Won't you please, please consider adding Penelope to your family? I promise you will not be disappointed!

Transport is available anywhere in the US - I am moving in the Spring and absolutely can not take Penelope with me. The rescue group I am fostering for is completely full and out of foster homes, so if she doesn't find a home before I move, her future is grim. 

Please do not hesitate to contact me with any questions.

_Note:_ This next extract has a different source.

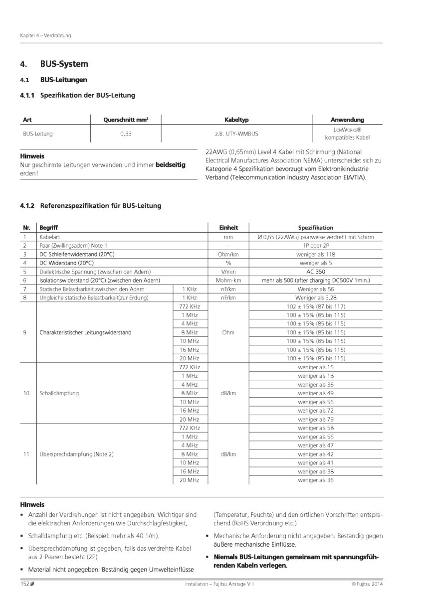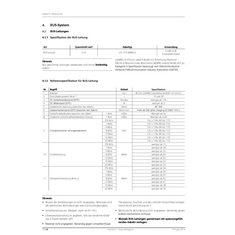 Das Kabel ist 2-adrig, geschirmt und entspricht in allen Bereichen den Fujitsu-Referenzanforderungen hinsichtlich Impedanz, Widerstand, Querschnitt, Dämpfung und Schirmung.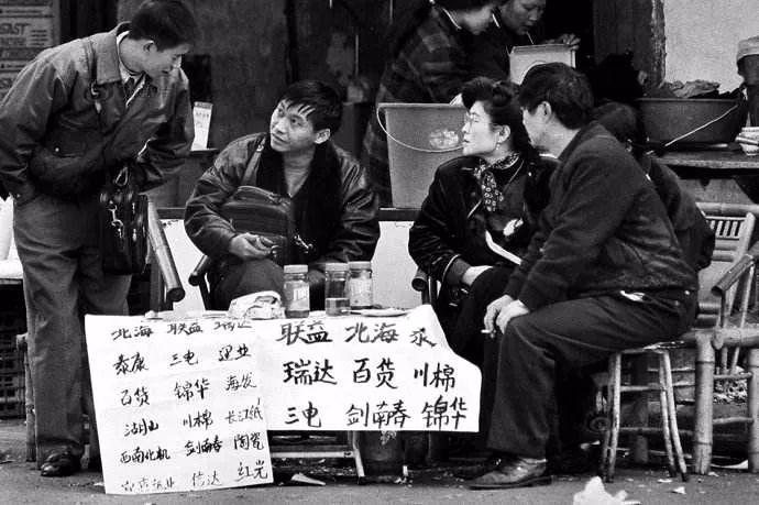 1992年,成都红庙子股票买卖摊位。

More pictures available here: Penelope Pictures

Thank you so much,
Sierra

















_


----------



## pitbullmamanatl (Jun 1, 2010)

She's so gorgeous... I hope she finds her forever home!


----------



## SapphirePB (Jul 31, 2010)

<= I just adopted a stray in July. Was going to foster but fell in love with her. Anyway 

Penelope is gorgeous and not sure if I missed it but where is she located? Hope she finds her forever home because she sounds like a great dog/pet. I would but my new gal is DA and something I hope to work on and resolve.


----------



## Georgio_84 (Oct 21, 2010)

If only i lived in U.S... sweet girl.
im in canada. http://www.gopitbull.com/images/smilies/hammer.gif
Good luck on finding a new home for her.


----------



## mcmlxxxvii (Jul 29, 2010)

she's cute! i wish i had the extra time, $$ and space for another. hopefully she finds a new home before it's too late. i will make a post on facebook about her and see if anyone is interested.


----------



## freddie07 (Jul 1, 2010)

She is beautiful. I wish you lived closer to me so I could see her in person.


----------



## Boz14 (May 20, 2009)

whereis she located ????


----------



## Joleigh (Oct 1, 2010)

She is gorgeous I hope she finds a forever home soon, for both of your sakes


----------



## Maximus146 (Apr 15, 2008)

Not sure if the OP of this thread is still around...
Is Penelope still available?
Where are you located?
I would be interested in taking her...


----------